Le Blanc v. Nye Motor Co.

Decision Date01 October 1929
Citation147 A. 265,102 Vt. 194
PartiesWILFRED LE BLANC v. NYE MOTOR COMPANY ET AL
CourtVermont Supreme Court

May Term, 1929.

Master and Servant---Workmen's Compensation Act---Independent Contractor---Sufficiency of Evidence To Make Prima Facie Case That Claimant Was Employee---Test for Determination Whether Employment is "Purely Casual"---Meaning of Term "Casual"---Insufficiency of Evidence To Establish Prima Facie Case of Ordinary Service---Burden of Proof---Uncertainty and Irregularity of Claimant's Services as Characterizing Nature of Jurisdiction.

1. In proceeding under Workmen's Compensation Act, if claimant for compensation was not employee, but independent contractor, or if his employment was purely casual, commissioner of industries was without jurisdiction and any order made by him was void.

2. In such proceedings, findings that claimant, who was stonecutter, worked at his trade during usual working hours and worked for motor company, under parol contract to sell both new and used automobles on commission, "after hours," Sundays, and holidays, motor company to furnish cars to be sold and gas and oil necessary for their demonstration, and claimant being permitted to show cars to whoever he could interest and to demonstrate them when he chose, but being required to submit all proposed transactions to motor company for approval, held, to make prima facie case that claimant was employee of motor company.

3. Test in determining whether one who is performing work for another is servant or independent contractor is right of one for whom work is done to control work and direct means and methods by which it shall be done.

4. Whether employment is "purely casual" within meaning of Workmen's Compensation Act is to be determined by contract for service.

5. Word "casual" means something that comes without regularity, and is occasional and incidental.

6. In proceedings under Workmen's Compensation Act, where findings showed that claimant, who sold automobiles for a motor company on commission, was not required to work for that company at any certain or regular time, but only did what he could after hours of his regular employment as stonecutter and on Sundays and holidays, demonstrating cars at his own, and customer's convenience, held that findings did not make prima facie case of ordinary service but merely an opportunity to devote such of his spare time as he saw fit to sale of cars, with no obligation to use any of it therefor; and that his employment not being regular periodic, or certain, burden was on claimant to show that such employment was not purely casual.

7. Uncertainty and irregularity of claimant's service under contract to work for motor company in sale of cars on commission, after hours, Sundays, and on holidays, characterizes nature of his employment, and not fact that what he might do would be done outside hours he worked at his trade.

8. Where claimant's employment was purely casual, commissioner of industries was without jurisdiction to make rulings that accident arose in course of employment, and that it did not arise out of employment.

APPEAL from decision and order of commissioner of industries, Washington County.

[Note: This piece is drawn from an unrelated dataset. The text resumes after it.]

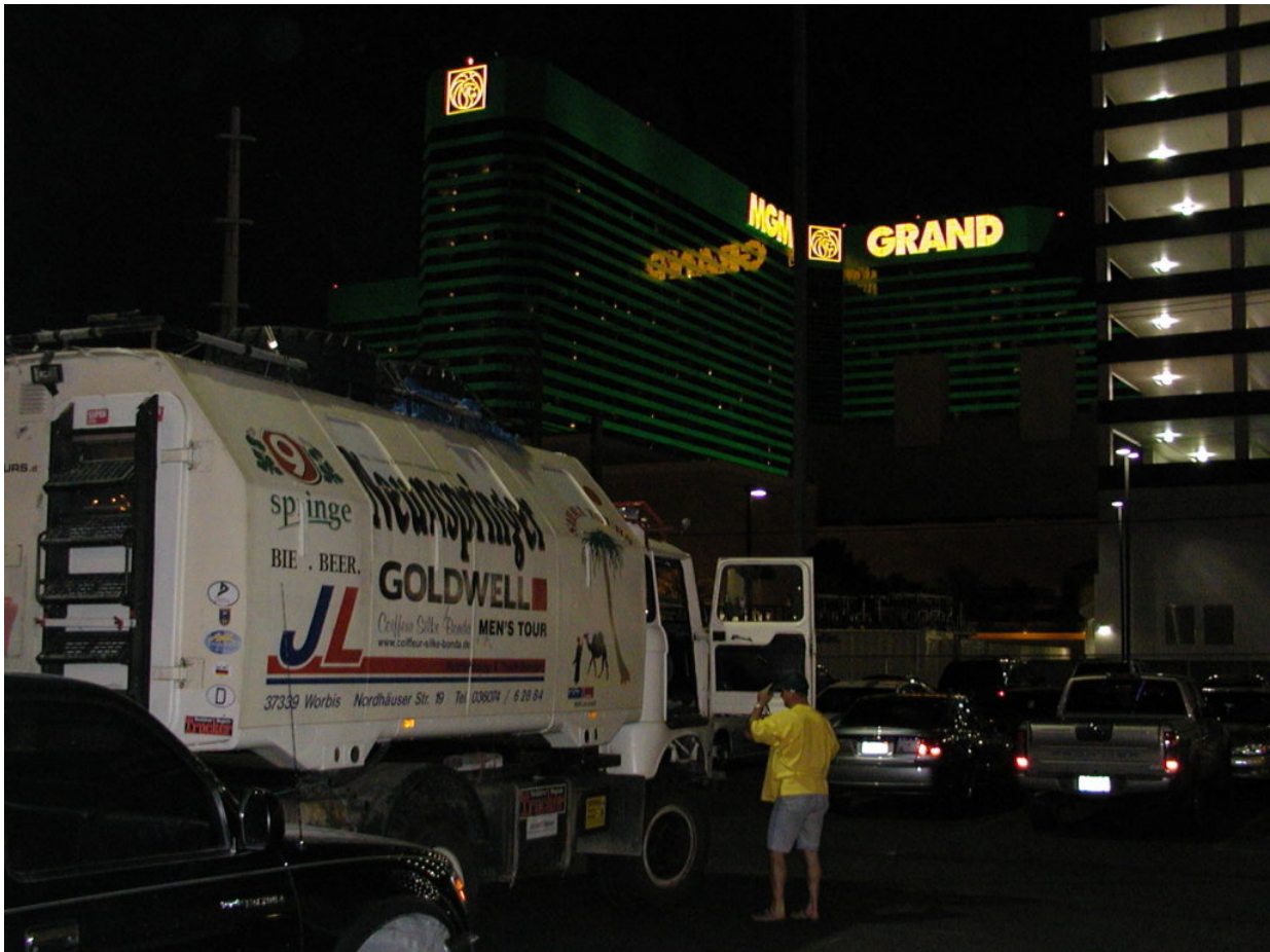
IFA W50 Tour Nordamerika, Kanada, USA, Mexiko

From holding that claimant was an employee of Nye Motor Company at time of injury, and that his employment was not purely casual, defendants appealed. The opinion states the case. Order vacated, and proceedings dismissed.

Order vacated and proceedings dismissed with costs. Let the result be certified to the commissioner of industries.

Deane C. Davis for the claimant.

An injury arises out of the employment when it occurs in the course of it and as a proximate result of it. Brown et al v. Bristol Last Block Co., et al., 94 Vt. 123, 125.

When an injury is a natural and necessary incident or consequence of the employment, though not forseen and expected, it arises out of it. An injury is incidental to the employment when it belongs to or is connected with what the workman has to do to fulfill his contract of service. Brown et al. v. Bristol Last Block Co. et al., supra; Larke v. Hancock Mutual Life Ins. Co., 90 Conn. 303; Bryant v. Fissell, 84 N. J. Law, 72, 86 A. 458.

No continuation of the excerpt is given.